» **Instructions for the task**: Return the run of lines below that opens with the line containing "- NOTIZIE STORICO" and closes with the line containing "実際にどんなことをしていくか", keeping each one exact.

» **Record set**:

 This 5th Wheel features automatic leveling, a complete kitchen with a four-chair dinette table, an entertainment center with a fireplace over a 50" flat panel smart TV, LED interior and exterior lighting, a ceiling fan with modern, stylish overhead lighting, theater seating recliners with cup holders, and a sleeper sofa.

--

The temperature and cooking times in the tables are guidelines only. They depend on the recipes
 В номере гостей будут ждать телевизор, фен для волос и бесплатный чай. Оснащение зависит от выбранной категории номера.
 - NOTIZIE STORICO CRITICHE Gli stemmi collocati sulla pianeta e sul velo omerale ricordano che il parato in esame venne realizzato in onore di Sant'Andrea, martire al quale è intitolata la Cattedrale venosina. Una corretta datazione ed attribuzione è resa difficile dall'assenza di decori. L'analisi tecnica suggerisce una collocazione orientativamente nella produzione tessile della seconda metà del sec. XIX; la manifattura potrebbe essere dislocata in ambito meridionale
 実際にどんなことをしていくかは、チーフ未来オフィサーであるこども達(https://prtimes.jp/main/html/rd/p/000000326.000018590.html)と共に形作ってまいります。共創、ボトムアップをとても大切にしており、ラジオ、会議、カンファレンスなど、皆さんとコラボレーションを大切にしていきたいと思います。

» **Output below**:
 - NOTIZIE STORICO CRITICHE Gli stemmi collocati sulla pianeta e sul velo omerale ricordano che il parato in esame venne realizzato in onore di Sant'Andrea, martire al quale è intitolata la Cattedrale venosina. Una corretta datazione ed attribuzione è resa difficile dall'assenza di decori. L'analisi tecnica suggerisce una collocazione orientativamente nella produzione tessile della seconda metà del sec. XIX; la manifattura potrebbe essere dislocata in ambito meridionale
 実際にどんなことをしていくかは、チーフ未来オフィサーであるこども達(https://prtimes.jp/main/html/rd/p/000000326.000018590.html)と共に形作ってまいります。共創、ボトムアップをとても大切にしており、ラジオ、会議、カンファレンスなど、皆さんとコラボレーションを大切にしていきたいと思います。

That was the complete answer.